2) Wait for it to happen.
3) Use it as an interrupt source.
To do the old WAITCNT's new equivalent, you would:
Instead of WAITCNT, you could do TESTCNT WC to find out if the target was met, yet (C=1).
Are you still disappointed?
It looks like this has become a two-instruction process:
addcnt target, #0
waitcnt
that's wrong. It would just be "waitcnt" (no parameters).
The movie *IS* out, it's called Groundhog Day - funny stuff in its original context...not so funny here and now.
Very nice change, by the way.
For Byte/Word values add a pair of instructions that will grab/set the part you want to use.
I.E.
GetByte : S = byte (0 - 3) to get out of the long stored in D returned to D.
SetByte : S = byte to set into position in D encoded by the WC/WZ fields (0 - 3)
KIS (so we don't end up back at the P2Hot stage...)
That's exactly how it is now (for cog memory).
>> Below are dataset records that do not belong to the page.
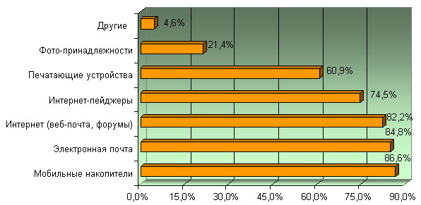 На следующем этапе исследования аналитический центр InfoWatch предложил респондентам указать самые распространенные каналы утечки информации. Распределение ответов представлено ниже. Заметим, что наибольшей популярностью среди инсайдеров пользуются мобильные накопители (86,6 %), электронная почта (84,8 %) и интернет (82,2 %). По сравнению с 2005 годом первые две позиции не поменялись, а вот интернет потеснил с третьего места сетевые пейджеры, который в 2006 году набрали только 74,5 % процентных пункта и заняли четвертое место.
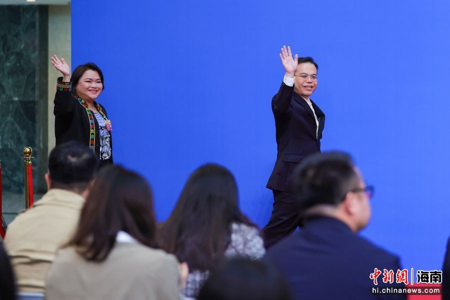 图为海南自贸港金融学会副秘书长,三亚学院盛宝金融科技商学院副院长(主持工作)陈晓昕(左);海南现代科技集团有限公司执行总裁,文昌航天超算智慧科技有限公司董事长叶世阳亮相“代表通道”。骆云飞 摄
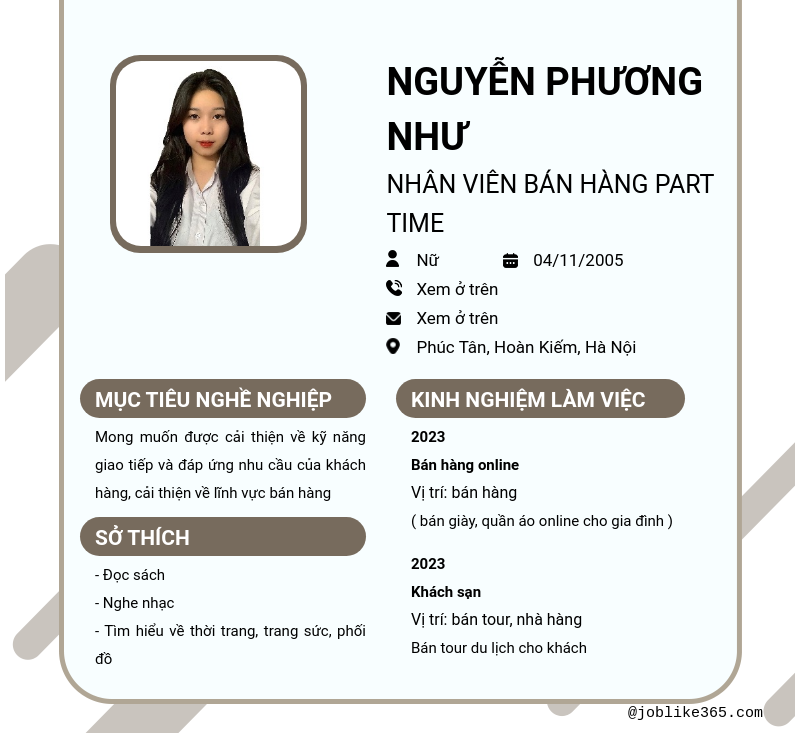 Xem hồ sơ ứng viên Nguyễn Phương Như cần 2 điểm. Hồ sơ được cập nhật ngày: 10/09/2024
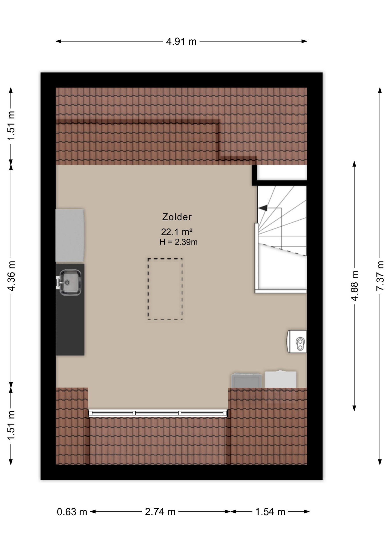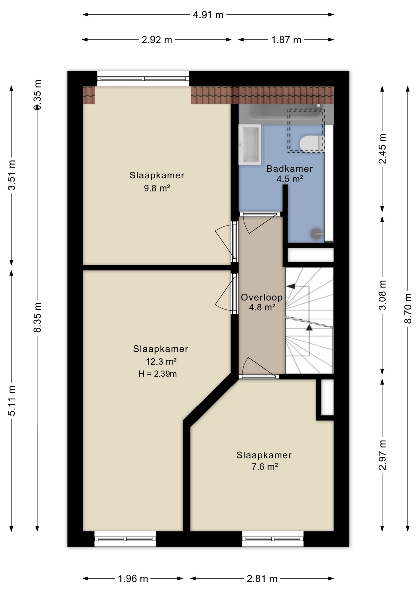 - Drie ruime slaapkamers en 1 ruime zolderkamer;
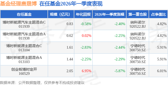 证券之星消息,日前博时新能源主题混合A基金公布一季报,2026年一季度最新规模1.44亿元,季度净值涨幅为-2.29%。
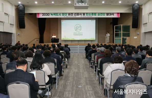 서울복지타임즈 이재연 기자 | 양산시는 2026년 3월 12일 양산비즈니스센터 컨벤션홀에서 '2030 녹색도시 양산' 비전 선포식과 탄소중립 실천단 발대식을 개최하고, 지속가능한 녹색도시로의 본격적인 전환을 공식 선언했다.
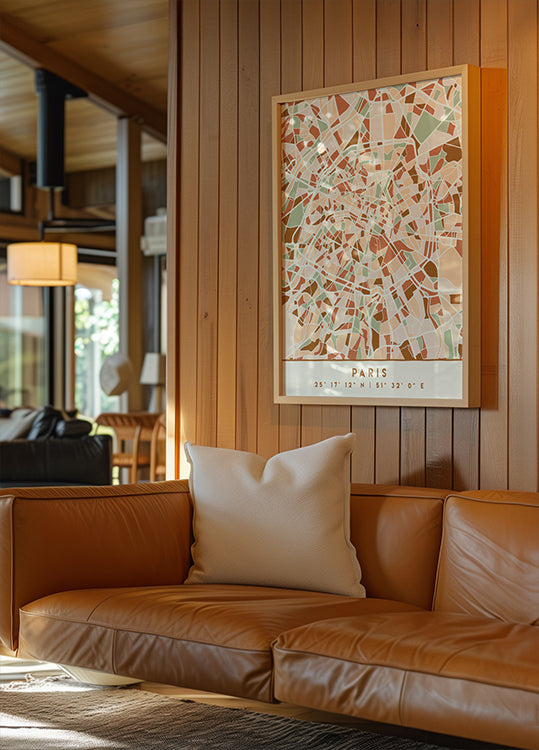 Emiliano Deificus reimagines Paris as a sleek black-on-earth-tone map: the Seine unfurls like silk while boulevards and arrondissements form a refined geometric tapestry. Minimal yet evocative, this urban nocturne invites slow wandering across the city's grids, bridges, and river bends. A subtle compass and coordinates hint at place and memory.
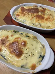 簡単グラタン ■材料ベーコン玉ねぎまいたけオリーブオイル牛乳小麦粉マカロニダシダ塩コショウとろけるチーズパセリ ■作り方1,平たい鍋かフライパンに火をつけないで、牛乳、小麦粉を入れて、小麦粉が溶けるまで混ぜておきます。2,玉ねぎは薄切り、ベーコンとまいたけは一口大に切り、1に投入。マカロニ、ダシダ(コン
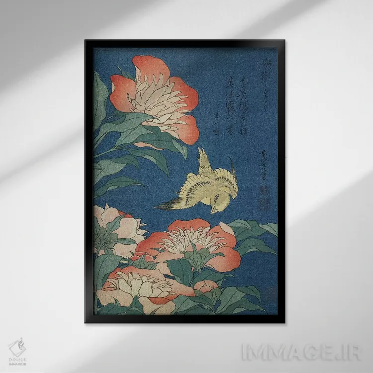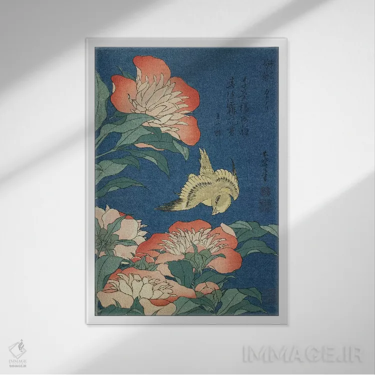 اگر دکور شما ساده و متعادل است، «گلهای صدتومانی و قناری، حدود ۱۸۳۳» اثرِ «کاتسوشیکا هوکوسای (نقاش و هنرمند ژاپنی)» با موضوعِ این اثر در حس آسیایی گزینهی مطمئن و هماهنگپذیری است.

There are similar instructions for nibs and words.
For hub memory, you have the same RDxxx/WRxxx instructions as before, except they no longer have to be aligned. You take an extra one-cycle penalty if you access a word or long that crosses a aligned-long boundary, but in return you have maximum flexibility in data alignment in the hub.
What happens when PC increments from $0FFC to $1000? Do you automatically switch from LUT execution to HUB execution?